Na prática, a simplicidade dessas ferramentas viabiliza um monitoramento geográfico contínuo e silencioso.

Prática de esconder tags para monitorar mulheres pode se enquadrar como crime de stalking, afirma a Secretaria da Segurança Pública. – Imagem: divulgação/Samsung
Características do monitoramento clandestino:
- Dimensões reduzidas: Dispositivos pequenos, com tamanho aproximado ao de uma moeda.
- Ocultação estratégica: Instalação camuflada em veículos, forros de bolsas e objetos de uso diário.
- Geolocalização em tempo real: Monitoramento remoto do cotidiano da vítima sem que ela note.
- Acessibilidade financeira: Aparelhos de baixo custo, facilmente encontrados por menos de R$ 100.
- Ausência de consentimento: Invasão de privacidade sem qualquer autorização legal ou pessoal.
Embora ainda não exista uma estatística oficial que contabilize isoladamente o uso de tags para essa finalidade, as ocorrências registradas são direcionadas para a tipificação de stalking.
O enquadramento legal do stalking
De acordo com a Secretaria da Segurança Pública, o rastreamento não autorizado por meio desses dispositivos preenche os requisitos do artigo 147-A do Código Penal, que criminaliza a perseguição. A legislação foi atualizada em 2021 especificamente para punir condutas dessa natureza.
O crime de stalking se configura quando há uma perseguição insistente e reiterada, que ameaça a integridade psicológica ou física da vítima, restringe sua capacidade de locomoção ou invade sua esfera de privacidade.
A legislação prevê pena de seis meses a dois anos de reclusão, além de multa. A penalidade pode ser agravada quando o crime é cometido contra mulheres por razões da condição do sexo feminino.
A SSP reforça que o Estado de São Paulo mantém políticas permanentes de combate à violência de gênero e à perseguição, com foco no acolhimento e na proteção das vítimas.

SSP afirma que o estado conta com rede de proteção com delegacias especializadas e aplicativos de apoio às vítimas. – Imagem: Molly Blackbird/Unsplash
Aumento de registros e canais de denúncia na capital
Dados oficiais da SSP apontam uma tendência de alta nas notificações de stalking na 1ª Delegacia de Defesa da Mulher (DDM), localizada no bairro do Cambuci, na região central de São Paulo, durante o primeiro trimestre deste ano em comparação com o mesmo período do ano anterior.
Para o enfrentamento desse cenário, a infraestrutura estadual conta atualmente com 144 Delegacias de Defesa da Mulher e 220 salas de atendimento especializado. Entre as ferramentas de suporte operacional, destaca-se a “Cabine Lilás” — instalada junto ao Centro de Operações da Polícia Militar (Copom) —, que já soma milhares de atendimentos realizados.

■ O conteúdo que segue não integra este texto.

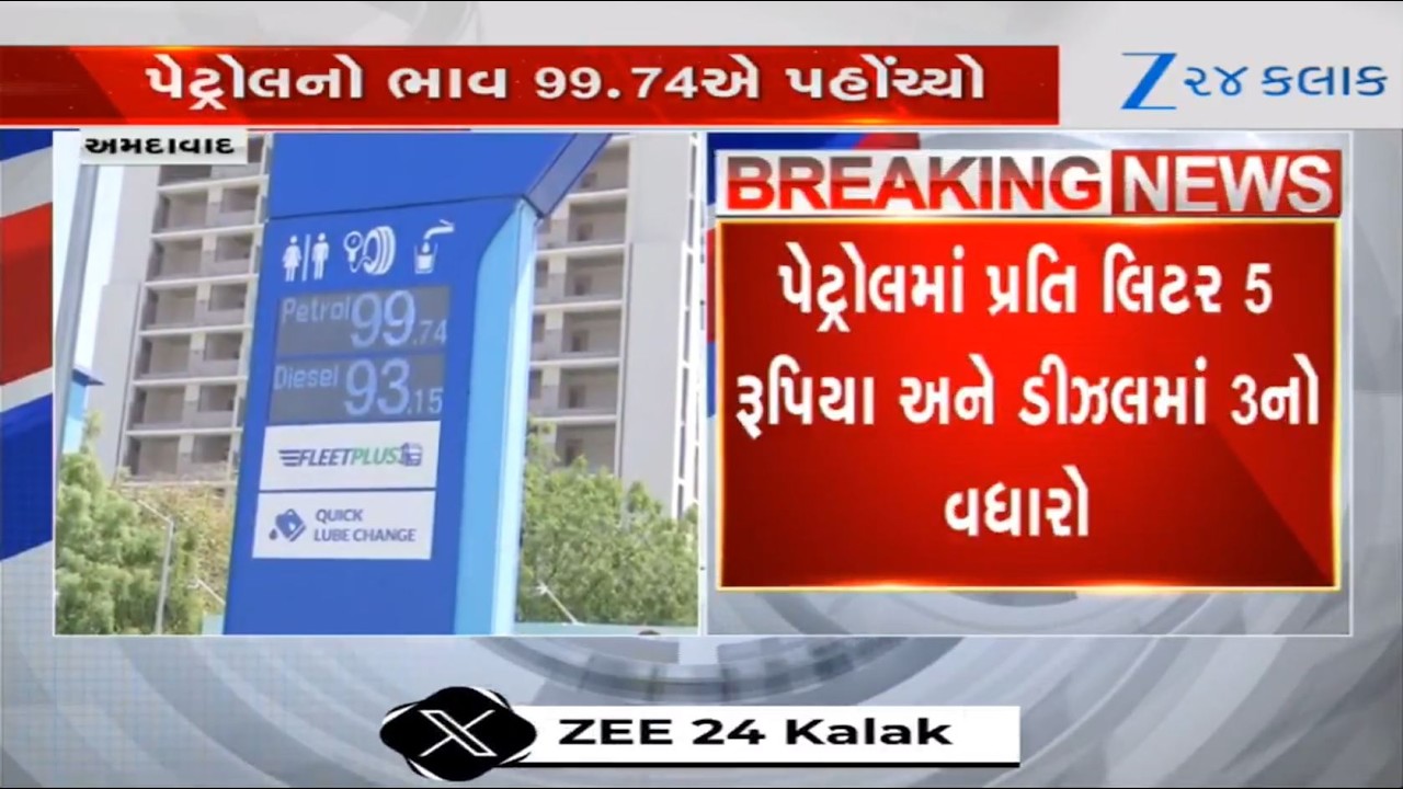 #Zee24Kalak BREAKING: Nayara pump hikes price of petrol by Rs 5/litre, diesel by Rs 3 per litre in Gujarat
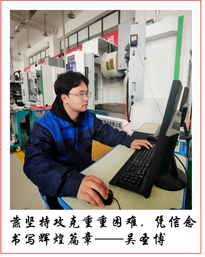 在职业教育的舞台上,吴圣博宛如一颗冉冉升起的新星,以坚定的信念、顽强的毅力和卓越的技能,在模具数字化设计与机械产品数字化设计等领域闯出一片属于自己的天地,用汗水与努力书写着熠熠生辉的个人事迹。

No ambiente digital, as mulheres contam com o aplicativo SP Mulher Segura, que viabiliza o acompanhamento de medidas protetivas de urgência e disponibiliza um botão de pânico para emergências, registrando uma base de mais de 61 mil usuárias ativas.
Apesar da rede de apoio disponível, autoridades da área de segurança reconhecem que a subnotificação ainda é um desafio para mapear a real dimensão do problema. O principal fator de preocupação reside no fato de que tecnologias acessíveis e cotidianas, como as tags de localização, transformaram-se em ferramentas de vigilância silenciosa de difícil detecção no dia a dia.